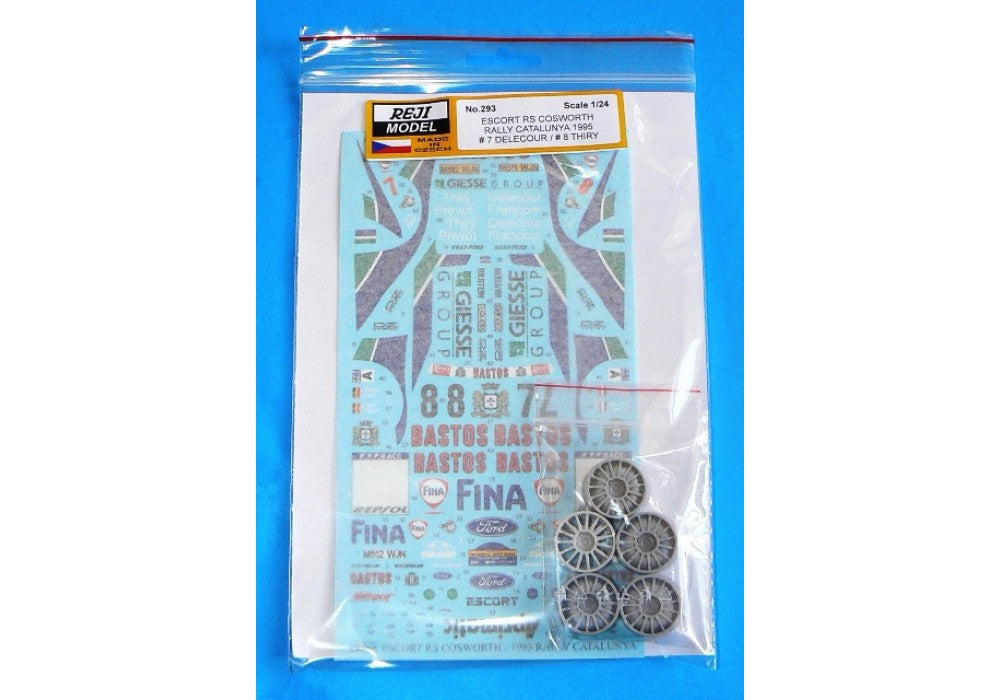 This is a transkit made by Reji in 1/24 scale that includes a decal sheet, and a set of 5 OZ four-bolt rims to be able to carry out the decoration used by the Ford Escort RS Cosworth Group A of the official Ford team during its participation in the Rally of Catalunya in 1995. It Includes also the numbers for the two team cars.
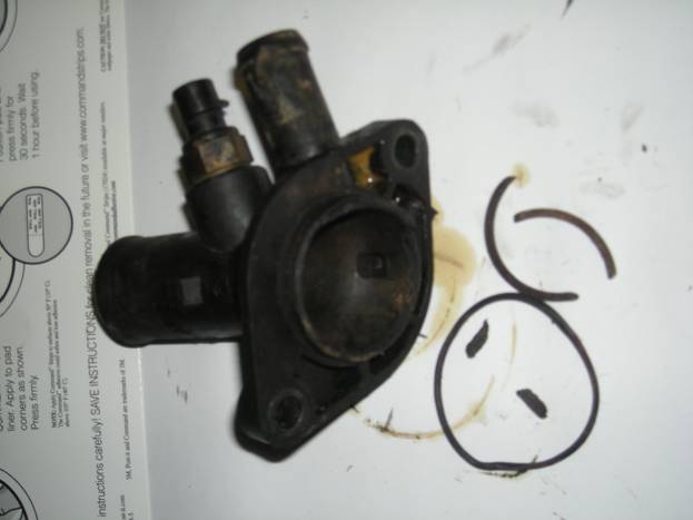 After I was able to finish reinstalling the water pump cover I filled up the system with water and found that it was still leaking. I traced the leak to the water outlet. Then I removed the old water outlet.
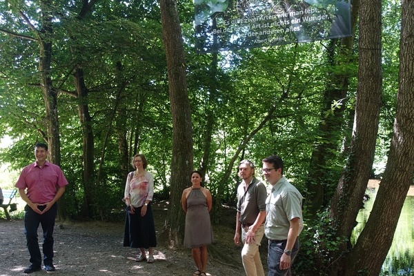 Unauffällig begleiten „Waldimpulse“ Spaziergänger durch den Denzlinger Wald. Neben Bürgermeister Markus Hollemann sowie dem stellvertretenden Leiter des Forstamts Emmendingen Dr. Frieder Hepperle und Revierförster Bernd Nold, erschienen auch Anne-Kathrin Uehlin-Mick als pädagogische Leiterin und Ilka Döring als zweite Vorsitzende des Trägervereins „Aktion Lebensraum“ zur Einweihung des ca. zwei Kilometer langen Rundweges. Der Rundweg ist mit dezent gestalteten Transparenten geschmückt, welche mit Inschriften namhafter Persönlichkeiten wie Joseph Cornell oder Albert Einstein bedruckt sind. Der Spaziergang durch den Wald soll zum Meditieren und Verweilen anregen, mehr noch, er soll ein Ort sein, an dem man viele Sorgen und Ängste abladen könnte. „Insbesondere die vergangenen Wochen und Monate während der Corona-Pandemie zeigten, wie wertvoll der Wald als Zufluchts- und Rückzugsort ist“, so Bürgermeister Hollemann – Durch den Rundweg, welcher in dieser Form voraussichtlich bis zum Ende der Sommerferien bestehen wird, soll dieser Wert noch weiter in das Bewusstsein der Mitbürgerinnen und Mitbürger gerückt werden, berichtet Dr. Frieder Hepperle. Der Rundweg beginnt am Waldspielplatz Einbollen und folgt dem Dachslöcher-, und dem Wiesenweg. V.l.n.r. Markus Hollemann (Bürgermeister), Ilka Döring (zweite Vorsitzende Aktion Lebensraum e.V), Anne-Kathrin Uehlin-Mick (pädagogische Leiterin Aktion Lebensraum e.V.), Revierförster Bernd Nold und der stellvertretende Amtsleiter Dr. Frieder Hepperle; Foto: Gemeinde Denzlingen

▶ [Task instructions]:
The expected output is the complete listing, word for word, without any picture.

▶ [Output of the task]:
 This is a transkit made by Reji in 1/24 scale that includes a decal sheet, and a set of 5 OZ four-bolt rims to be able to carry out the decoration used by the Ford Escort RS Cosworth Group A of the official Ford team during its participation in the Rally of Catalunya in 1995. It Includes also the numbers for the two team cars.
 After I was able to finish reinstalling the water pump cover I filled up the system with water and found that it was still leaking. I traced the leak to the water outlet. Then I removed the old water outlet.
 Unauffällig begleiten „Waldimpulse“ Spaziergänger durch den Denzlinger Wald. Neben Bürgermeister Markus Hollemann sowie dem stellvertretenden Leiter des Forstamts Emmendingen Dr. Frieder Hepperle und Revierförster Bernd Nold, erschienen auch Anne-Kathrin Uehlin-Mick als pädagogische Leiterin und Ilka Döring als zweite Vorsitzende des Trägervereins „Aktion Lebensraum“ zur Einweihung des ca. zwei Kilometer langen Rundweges. Der Rundweg ist mit dezent gestalteten Transparenten geschmückt, welche mit Inschriften namhafter Persönlichkeiten wie Joseph Cornell oder Albert Einstein bedruckt sind. Der Spaziergang durch den Wald soll zum Meditieren und Verweilen anregen, mehr noch, er soll ein Ort sein, an dem man viele Sorgen und Ängste abladen könnte. „Insbesondere die vergangenen Wochen und Monate während der Corona-Pandemie zeigten, wie wertvoll der Wald als Zufluchts- und Rückzugsort ist“, so Bürgermeister Hollemann – Durch den Rundweg, welcher in dieser Form voraussichtlich bis zum Ende der Sommerferien bestehen wird, soll dieser Wert noch weiter in das Bewusstsein der Mitbürgerinnen und Mitbürger gerückt werden, berichtet Dr. Frieder Hepperle. Der Rundweg beginnt am Waldspielplatz Einbollen und folgt dem Dachslöcher-, und dem Wiesenweg. V.l.n.r. Markus Hollemann (Bürgermeister), Ilka Döring (zweite Vorsitzende Aktion Lebensraum e.V), Anne-Kathrin Uehlin-Mick (pädagogische Leiterin Aktion Lebensraum e.V.), Revierförster Bernd Nold und der stellvertretende Amtsleiter Dr. Frieder Hepperle; Foto: Gemeinde Denzlingen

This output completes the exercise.